DATASET CONTENT ->
_ _ _ _ _ _ _

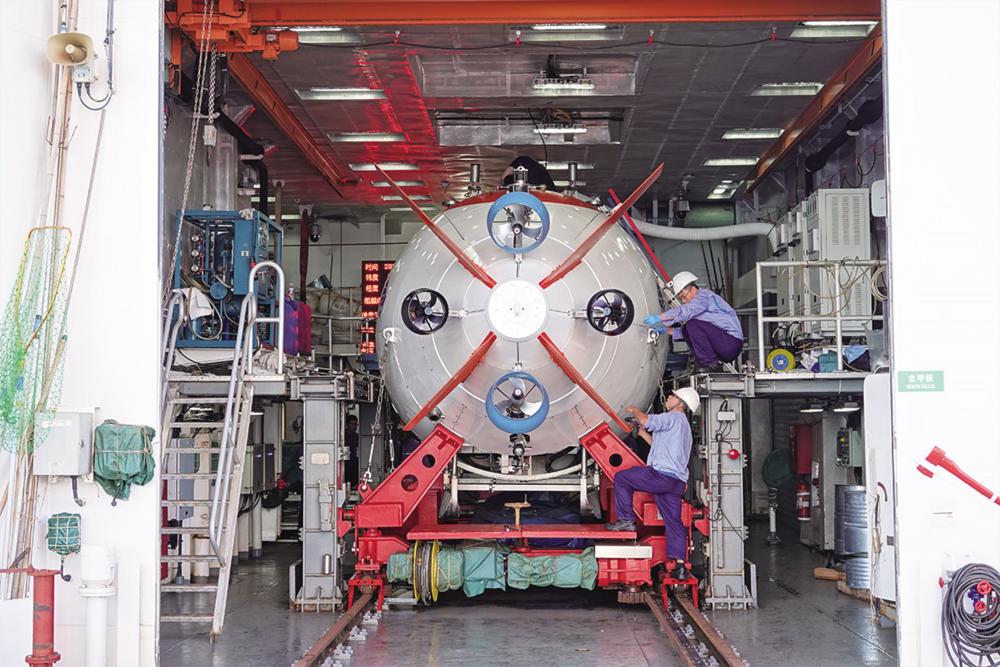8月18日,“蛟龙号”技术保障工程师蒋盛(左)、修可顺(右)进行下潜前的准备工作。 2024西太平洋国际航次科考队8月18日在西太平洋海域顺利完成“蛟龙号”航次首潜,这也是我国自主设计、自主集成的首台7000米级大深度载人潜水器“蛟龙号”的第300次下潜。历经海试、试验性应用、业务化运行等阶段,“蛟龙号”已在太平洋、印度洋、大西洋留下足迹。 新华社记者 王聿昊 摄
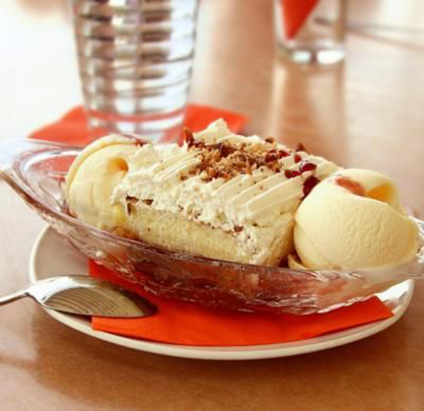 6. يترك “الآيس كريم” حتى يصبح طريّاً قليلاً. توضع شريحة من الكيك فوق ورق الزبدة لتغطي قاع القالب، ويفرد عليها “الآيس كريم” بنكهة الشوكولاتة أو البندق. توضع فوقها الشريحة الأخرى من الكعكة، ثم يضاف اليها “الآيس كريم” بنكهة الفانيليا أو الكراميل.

_ _ _ _ _ _ _

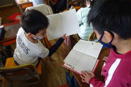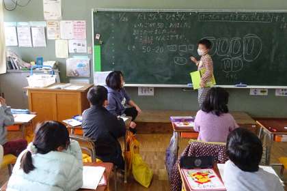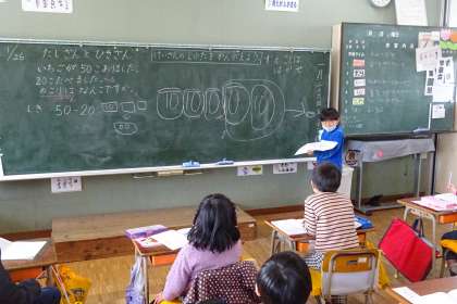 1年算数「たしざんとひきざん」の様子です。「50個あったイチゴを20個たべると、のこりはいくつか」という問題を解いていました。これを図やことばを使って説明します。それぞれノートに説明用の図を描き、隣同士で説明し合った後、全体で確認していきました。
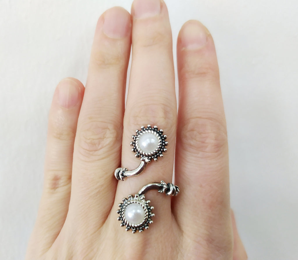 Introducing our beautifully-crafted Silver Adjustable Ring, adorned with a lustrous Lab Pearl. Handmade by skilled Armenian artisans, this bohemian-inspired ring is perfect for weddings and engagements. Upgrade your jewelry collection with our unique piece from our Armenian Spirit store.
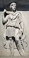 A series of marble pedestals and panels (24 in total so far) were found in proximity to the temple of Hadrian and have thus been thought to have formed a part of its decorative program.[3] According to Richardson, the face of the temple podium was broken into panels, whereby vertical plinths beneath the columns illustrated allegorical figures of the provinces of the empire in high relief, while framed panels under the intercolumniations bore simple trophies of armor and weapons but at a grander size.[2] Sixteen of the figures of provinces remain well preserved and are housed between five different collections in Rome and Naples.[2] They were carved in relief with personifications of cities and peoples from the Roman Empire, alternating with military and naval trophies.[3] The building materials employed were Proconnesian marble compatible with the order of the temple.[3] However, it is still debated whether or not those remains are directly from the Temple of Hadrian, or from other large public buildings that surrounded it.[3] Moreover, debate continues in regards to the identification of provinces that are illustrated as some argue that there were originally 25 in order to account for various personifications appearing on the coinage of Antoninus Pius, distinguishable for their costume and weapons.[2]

_ _ _ _ _ _ _

WHAT THE EXERCISE ASKS ->
Using the data above, transcribe exactly the lines between those containing "新华社记者 王聿昊 摄" and "الفانيليا أو الكراميل.", inclusive, and leave every picture behind.

EXERCISE SOLUTION ->
8月18日,“蛟龙号”技术保障工程师蒋盛(左)、修可顺(右)进行下潜前的准备工作。 2024西太平洋国际航次科考队8月18日在西太平洋海域顺利完成“蛟龙号”航次首潜,这也是我国自主设计、自主集成的首台7000米级大深度载人潜水器“蛟龙号”的第300次下潜。历经海试、试验性应用、业务化运行等阶段,“蛟龙号”已在太平洋、印度洋、大西洋留下足迹。 新华社记者 王聿昊 摄
 6. يترك “الآيس كريم” حتى يصبح طريّاً قليلاً. توضع شريحة من الكيك فوق ورق الزبدة لتغطي قاع القالب، ويفرد عليها “الآيس كريم” بنكهة الشوكولاتة أو البندق. توضع فوقها الشريحة الأخرى من الكعكة، ثم يضاف اليها “الآيس كريم” بنكهة الفانيليا أو الكراميل.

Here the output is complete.